Apesar de ser o quarto filme do pérolas, Volver é o filme que mais despertou em mim satisfação e boas risadas. Almodóvar volta com seu estilo cômico, leve, casual e feminino após estremecer neurônios com obras mais pesadas como Carne Trêmula, Fale Com Ela e
Má Educação.
Volver
é um palco de saias! Elenco repleto de mulheres muito bem entrosadas, com laços familiares e pendências do passado. Mulheres lidando com situações estranhas, reagindo inusitadamente utilizando apenas o poder natural que possuem: o “dar um jeito feminino”. A personagem da belíssima Penélope Cruz dando um jeito no marido morto pela filha é uma cena tão real e bizarra que deixa qualquer um admirado com a seriedade do fato, mesmo que reagindo com risadas. A personagem de Cármen Maura (um pouco velha, mas ainda excepcional) é outra que de suas maneiras dá um jeito. O ponto marcante de Volver realmente é a harmonia entre os personagens e a história entrelaçada, os diálogos simples à la donas-de-casa e o visual deslumbrante que Almodóvar dá a sua produção, vermelha e vibrante como todas as personagens da história.

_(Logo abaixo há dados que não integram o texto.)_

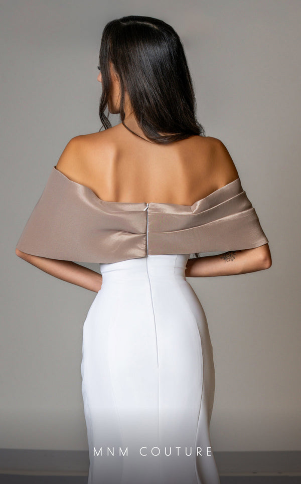 Indulge in luxury with the MNM Couture V07388, a standout in Exclusive Couture Dresses. This Rayon Crepe and Taffeta gown showcases cap sleeves and a straight-across neckline. The fitted mermaid silhouette with a long train is elegantly embellished with rhinestones in various shapes, offering a glamorous and sophisticated finish perfect for Luxury Evening Gowns Downtown LA.

Um filme delicioso que conseguiu me envolver de tal maneira que geralmente não consigo nos filmes de Almodóvar. Riquíssimo para o cinema latino!


Má Educação

“Dois meninos, Ignacio e Enrique, conhecem o amor, o cinema e o medo num colégio religioso no início dos anos 60. O padre Manolo, diretor do colégio e seu professor de literatura, é testemunha e parte dos descobrimentos. Os três personagens voltam a se encontrar outras vezes mais, ao final dos anos 70 e 80. O reencontro marcará a vida e a morte de algum deles.”

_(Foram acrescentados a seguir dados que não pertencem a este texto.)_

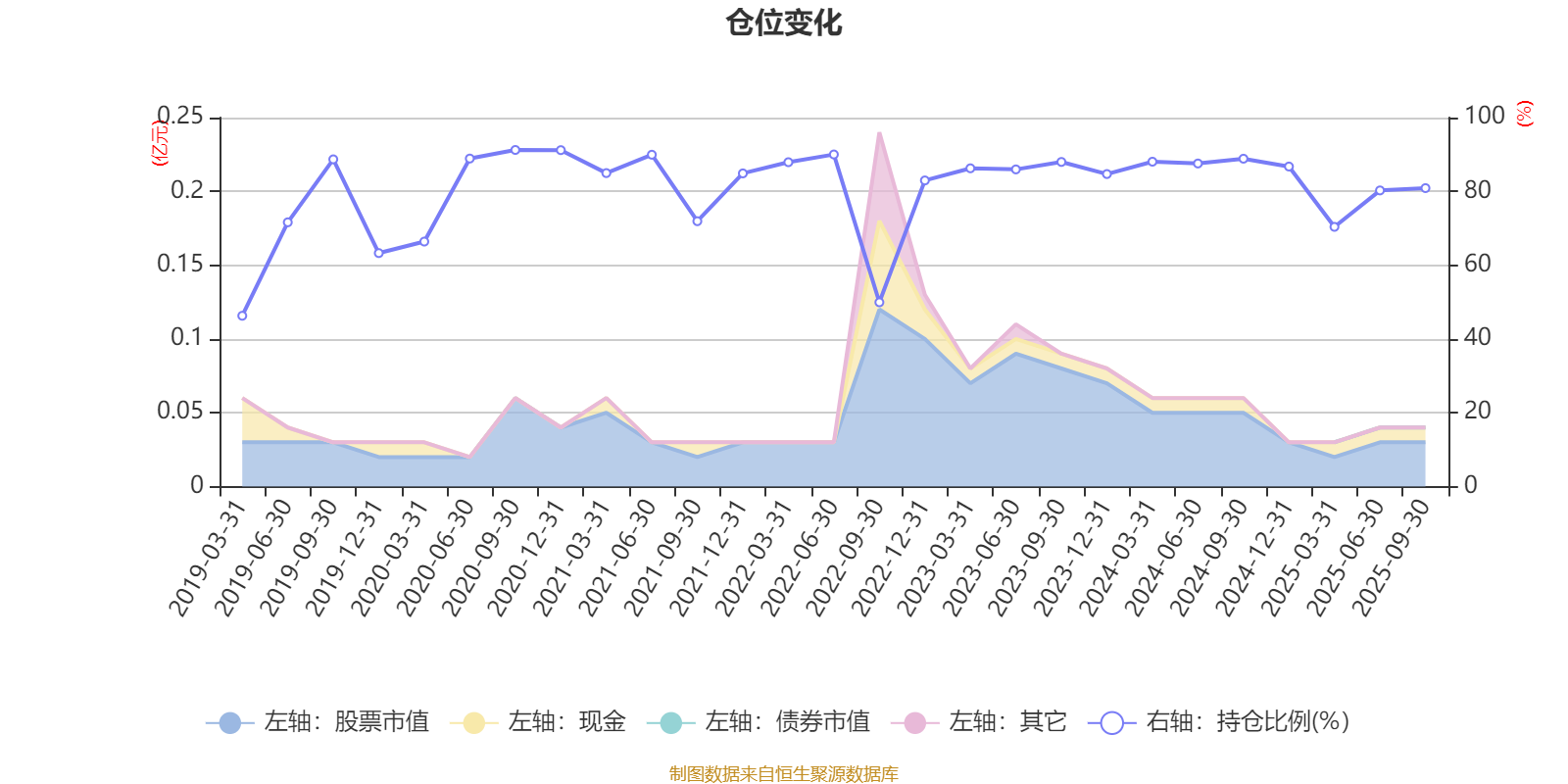 据定期报告数据统计,近三年平均股票仓位为84.22%,同类平均为87.09%。2020年三季度末基金达到91.23%的最高仓位,2019年一季度末最低,为46.29%。

Um filme quase auto-biográfico de Almodóvar! A idéia surgiu quando o cineasta filmava A Lei do Desejo, inclusive a cena deste em que a transexual Tina entra na igreja e reencontra um suposto padre molestador inspirou a cena semelhante em Má educação, em que Ignácio faz o mesmo.
Má Educação quando esperado como um filme altamente crítico e chocante é frustração na certa. O próprio cineasta disse que não tinha pretensões em fazer um filme voltado a criticar a Igreja Católica, mas que a presença dos padres molestadores é um fato que não poderia ficar ausente (o que acaba causando a crítica só de estar presente na trama). O filme é mais uma vez o retrato de relações perturbadas entre os personagens. Um jogo de interesses intenso, impiedade humana e fragilidades pessoais moldam a trama.
É interessante o quebra-cabeças ora montado ora bagunçado que Almodóvar cria propositalmente, dando um glamour técnico e original a obra. Mas realmente não há muita grandiosidade na obra além das situações entrelaçadas e os personagens mais imprevisíveis, interpretações, trilha sonora e montagem também se destacam.
O que mais me incomodou na obra foi a falta de cinema! Enquadramentos sem graça, cenas filmadas sem estilo e pouco aproveitadas. É extremamente vazia a cena da piscina, onde a câmera focaliza a bunda do personagem de Gael Garcia Bernal de maneira crua, amadora.
Um cinema almadovariano que pode ser deixado para trás a principio. Principalmente para os que ainda não conhecem o cineasta, apesar de ser uma história bem contada e até certo ponto original.